▶ [Task instructions]
Leave out each picture. Repeat everything else in the records exactly.

#####

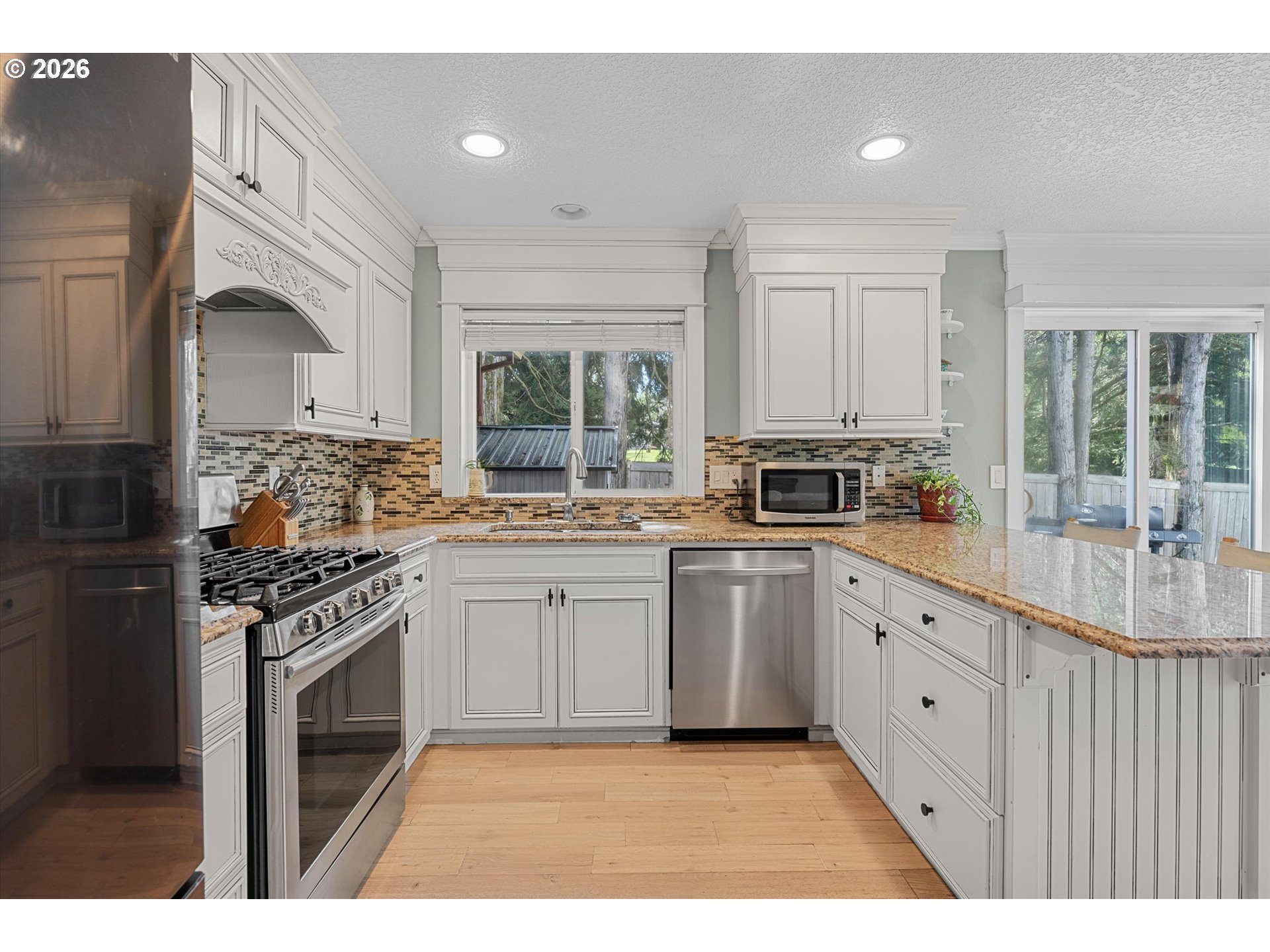 Welcome to this inviting home in the heart of Troutdale, offering a perfect blend of comfort, style, and functionality. Hardwood floors and crown molding add timeless character throughout the main living spaces, while the windows invite in abundant natural light, creating a bright and welcoming atmosphere.The kitchen features granite countertops and a thoughtful layout, ideal for both everyday living and entertaining. Just off the main living area, step outside to a spacious patio, perfect for hosting gatherings or simply enjoying the peaceful backyard setting.Upstairs, the well-designed floor plan provides separation and privacy, with all bedrooms thoughtfully positioned on the upper level. The primary suite includes a walk-in closet and an en suite bathroom, offering a comfortable retreat at the end of the day.Located within close proximity from McMenamins Edgefield, this home offers convenient access to dining, entertainment, and local amenities while still maintaining a quiet neighborhood feel.A wonderful opportunity to enjoy easy living in a desirable Troutdale location.
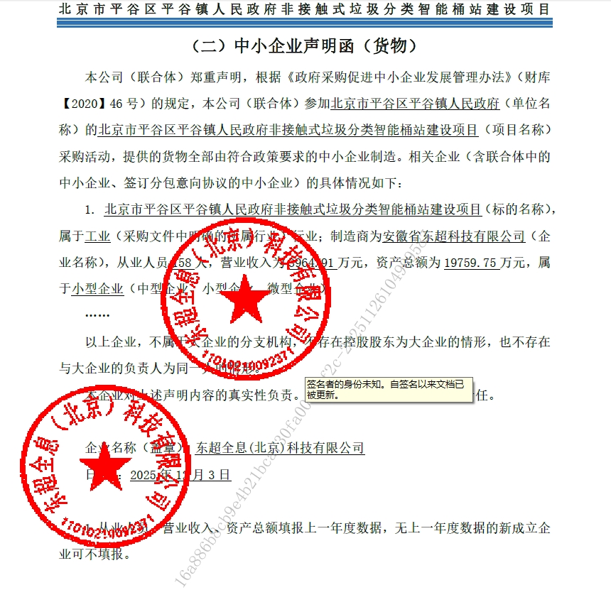 北京市平谷区平谷镇人民政府非接触式垃圾分类智能桶站建设项目中小企业声明函.***
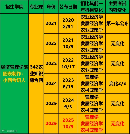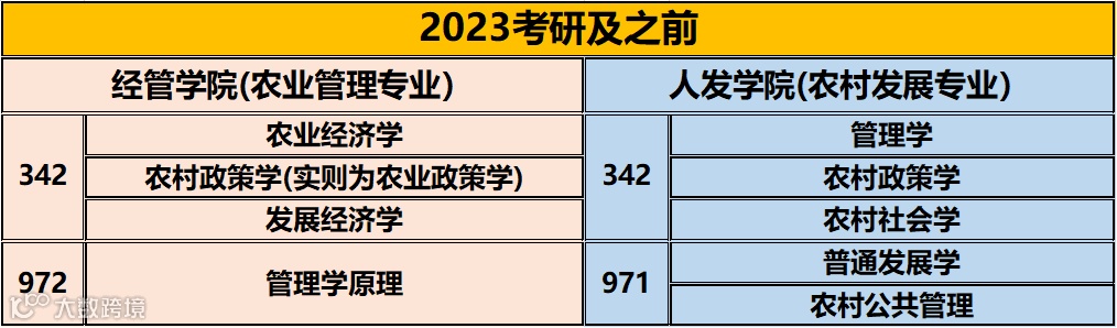 西北农林科技大学共有2个学院(经管学院、人发学院)在研究生招生考试中考察342农业知识综合四,经管学院(农业管理专业)、人发学院(农村发展专业)历年的专业课关系是这样的:
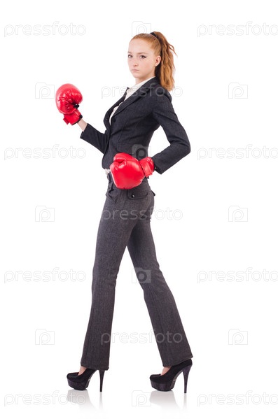 Бизнес-леди с боксерскими перчатками на белом фоне
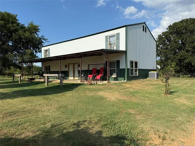 This is the BARNDOMINIUM you always wanted! Set perfectly on a 4.97 acre tract conveniently located close to Lake Eufaula. Just 7 miles from McAlester and Krebs. Large open living area downstairs and spacious area upstairs for a pool table and lounging. The kitchen sports a rustic homey look with an island and lots of space for your table! The primary bedroom is downstairs with a spacious on-suite with a huge shower and his and her closets. There is a nice size bathroom located off the living room for guest and family. The huge front porch is ideal for coffee in the mornings and barbecues in the evening. The land offers a pond for fishing, huge trees for shade, pasture for animals and lots of parking for vehicles and boats. This property is a must see property! Call today for your appointment.
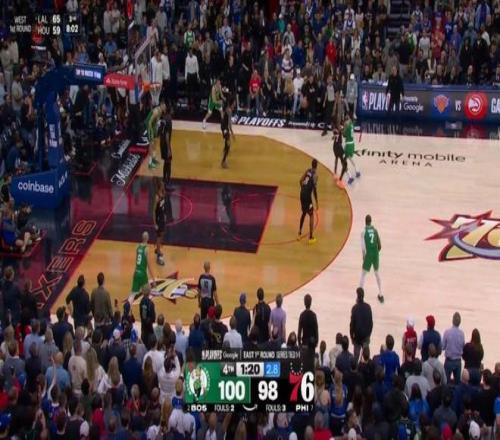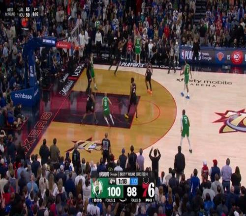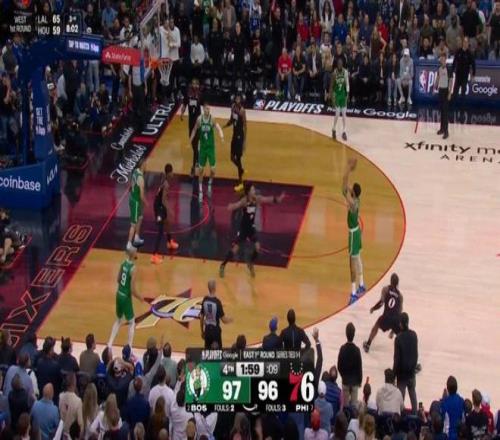 ——剩下1分17秒前,乔治回应了一记上篮后,塔图姆助攻普里查德三分,领先5分

#####

▶ [Task solution]
 Welcome to this inviting home in the heart of Troutdale, offering a perfect blend of comfort, style, and functionality. Hardwood floors and crown molding add timeless character throughout the main living spaces, while the windows invite in abundant natural light, creating a bright and welcoming atmosphere.The kitchen features granite countertops and a thoughtful layout, ideal for both everyday living and entertaining. Just off the main living area, step outside to a spacious patio, perfect for hosting gatherings or simply enjoying the peaceful backyard setting.Upstairs, the well-designed floor plan provides separation and privacy, with all bedrooms thoughtfully positioned on the upper level. The primary suite includes a walk-in closet and an en suite bathroom, offering a comfortable retreat at the end of the day.Located within close proximity from McMenamins Edgefield, this home offers convenient access to dining, entertainment, and local amenities while still maintaining a quiet neighborhood feel.A wonderful opportunity to enjoy easy living in a desirable Troutdale location.
 北京市平谷区平谷镇人民政府非接触式垃圾分类智能桶站建设项目中小企业声明函.***
 西北农林科技大学共有2个学院(经管学院、人发学院)在研究生招生考试中考察342农业知识综合四,经管学院(农业管理专业)、人发学院(农村发展专业)历年的专业课关系是这样的:
 Бизнес-леди с боксерскими перчатками на белом фоне
 This is the BARNDOMINIUM you always wanted! Set perfectly on a 4.97 acre tract conveniently located close to Lake Eufaula. Just 7 miles from McAlester and Krebs. Large open living area downstairs and spacious area upstairs for a pool table and lounging. The kitchen sports a rustic homey look with an island and lots of space for your table! The primary bedroom is downstairs with a spacious on-suite with a huge shower and his and her closets. There is a nice size bathroom located off the living room for guest and family. The huge front porch is ideal for coffee in the mornings and barbecues in the evening. The land offers a pond for fishing, huge trees for shade, pasture for animals and lots of parking for vehicles and boats. This property is a must see property! Call today for your appointment.
 ——剩下1分17秒前,乔治回应了一记上篮后,塔图姆助攻普里查德三分,领先5分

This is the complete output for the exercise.